Please return every line of the material verbatim and skip any images.

++++ Data excerpt ++++

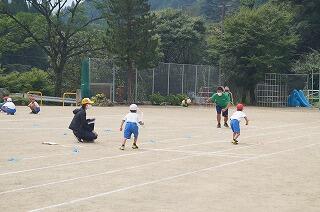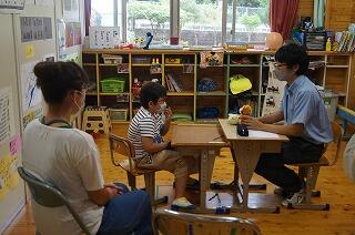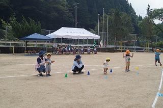 小学生と保育所生の団技。小学生が優しく保育所生を
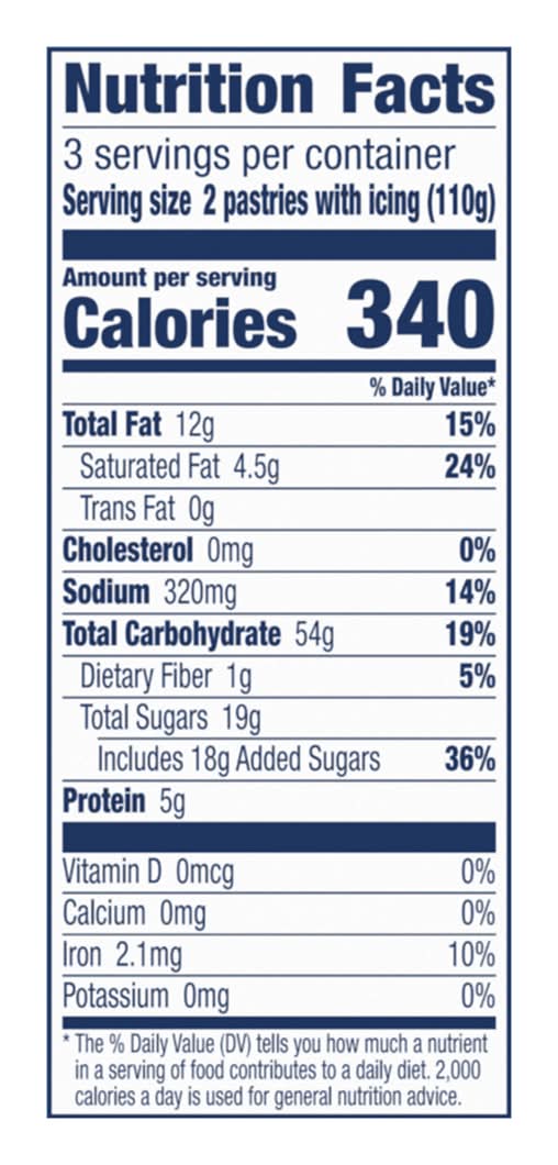 Natural & artificial flavor. Per 2 Pastries with Icing: 340 calories; 4.5 g sat fat (24% DV); 320 mg sodium (14% DV); 19 g total sugars. Contains bioengineered food ingredients. Air fryer ready. Icing included. • General mills sales, inc., Minneapolis,MN,55440 • Packaging: Reusable
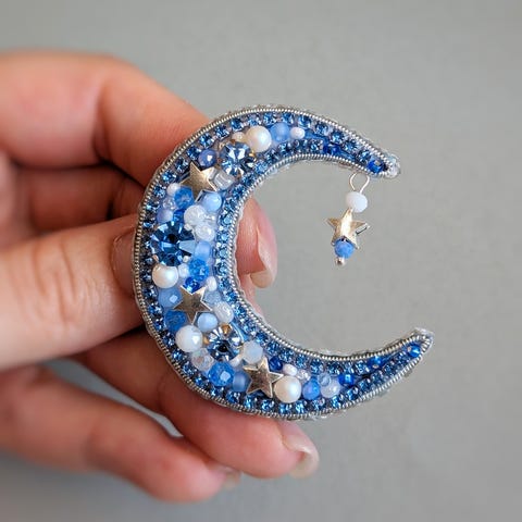 Materialer: Glasperler, krystaller, syntetiske perler, filt, læder på bagsiden, metalnål
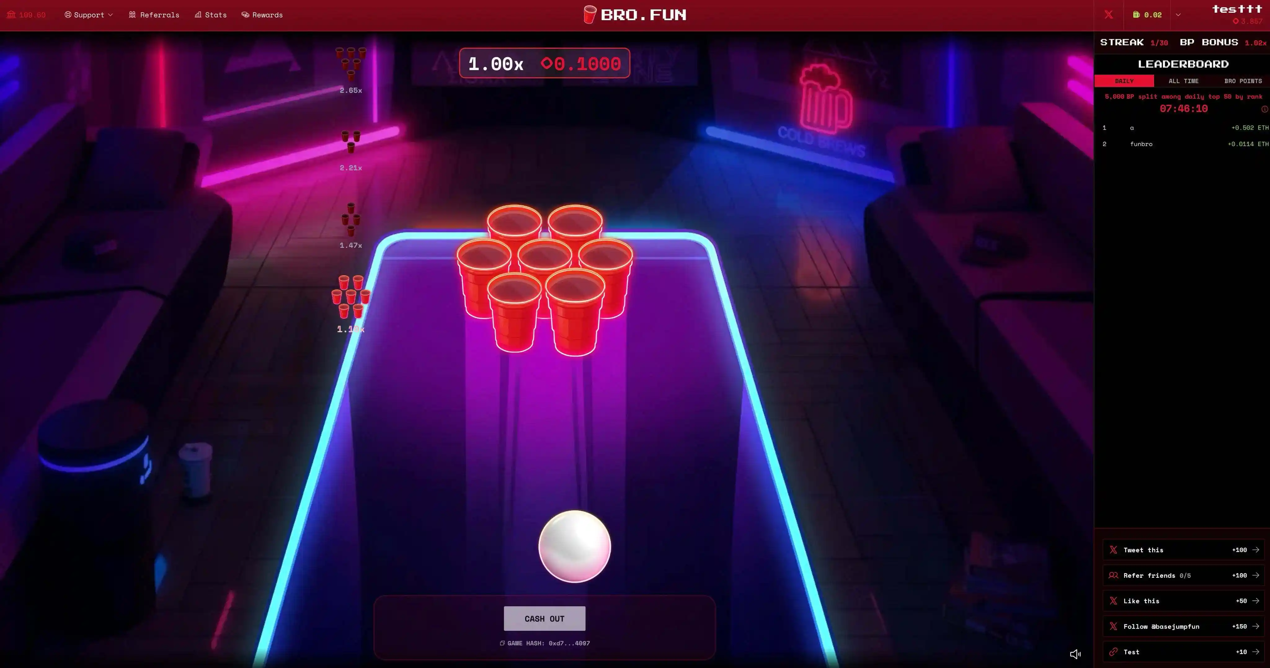 bro.fun 是一款派对游戏「啤酒乒乓」的数字化版本,用户可以用代币下注,有机会赢取倍增奖金。它采用「公平引擎」确保每次投掷都随机且透明,为用户提供了一种有趣且防作弊的方式来测试自己的运气和投掷技巧,基础游戏玩法如下:

++++

[Result below]:
 小学生と保育所生の団技。小学生が優しく保育所生を
 Natural & artificial flavor. Per 2 Pastries with Icing: 340 calories; 4.5 g sat fat (24% DV); 320 mg sodium (14% DV); 19 g total sugars. Contains bioengineered food ingredients. Air fryer ready. Icing included. • General mills sales, inc., Minneapolis,MN,55440 • Packaging: Reusable
 Materialer: Glasperler, krystaller, syntetiske perler, filt, læder på bagsiden, metalnål
 bro.fun 是一款派对游戏「啤酒乒乓」的数字化版本,用户可以用代币下注,有机会赢取倍增奖金。它采用「公平引擎」确保每次投掷都随机且透明,为用户提供了一种有趣且防作弊的方式来测试自己的运气和投掷技巧,基础游戏玩法如下:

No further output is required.